> _Try it_: All pictures are to be dropped, and the remaining data set down exactly.

> _Collected data_:

◆ ◆ ◆

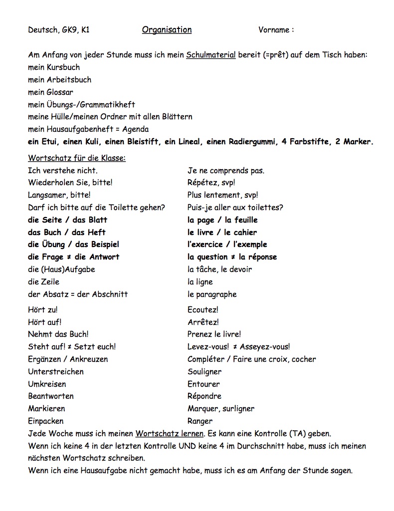 9GK K0 allemand, début d'année, Deutsch, Jahresanfang, Organisation, Unterrichtssprache, Uhrzeiten
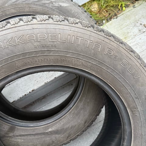 Veldig bra Hakkapeliitta R5 SUV piggfrie vinterdekk selges overgang til piggdekk. Dekkene har en mønsterdybde fra 7.5-8 mm igjennog er fra 2023, se bilde av DOT merking.
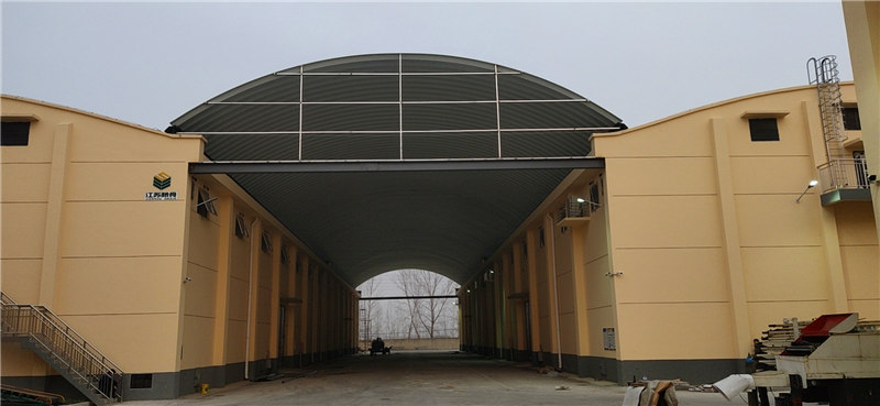 本工程位于江蘇省連云港和茂糧庫內(nèi),罩棚結(jié)構(gòu)為拱形屋頂形式,整體跨度約18米,長度80米,采用的屋面板材為海藍(lán)色,厚度為1.2mm,材料為TS280GD-Z鍍鋅鋼板,具備良好的防腐與承重性能。
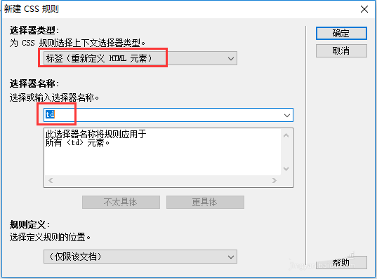 7、再次返回Dreamweaver窗口,單擊右邊“CSS樣式”浮動(dòng)面板上的“新建CSS樣式規(guī)則”按鈕,彈出“新建CSS規(guī)則”對(duì)話框。這次我們?cè)?ldquo;新建CSS規(guī)則”對(duì)話框的“選擇器名稱”的下拉列表中選擇“td”也就是單元格的標(biāo)簽,其他選項(xiàng)同上。

◆ ◆ ◆

> _The answer_:
 9GK K0 allemand, début d'année, Deutsch, Jahresanfang, Organisation, Unterrichtssprache, Uhrzeiten
 Veldig bra Hakkapeliitta R5 SUV piggfrie vinterdekk selges overgang til piggdekk. Dekkene har en mønsterdybde fra 7.5-8 mm igjennog er fra 2023, se bilde av DOT merking.
 本工程位于江蘇省連云港和茂糧庫內(nèi),罩棚結(jié)構(gòu)為拱形屋頂形式,整體跨度約18米,長度80米,采用的屋面板材為海藍(lán)色,厚度為1.2mm,材料為TS280GD-Z鍍鋅鋼板,具備良好的防腐與承重性能。
 7、再次返回Dreamweaver窗口,單擊右邊“CSS樣式”浮動(dòng)面板上的“新建CSS樣式規(guī)則”按鈕,彈出“新建CSS規(guī)則”對(duì)話框。這次我們?cè)?ldquo;新建CSS規(guī)則”對(duì)話框的“選擇器名稱”的下拉列表中選擇“td”也就是單元格的標(biāo)簽,其他選項(xiàng)同上。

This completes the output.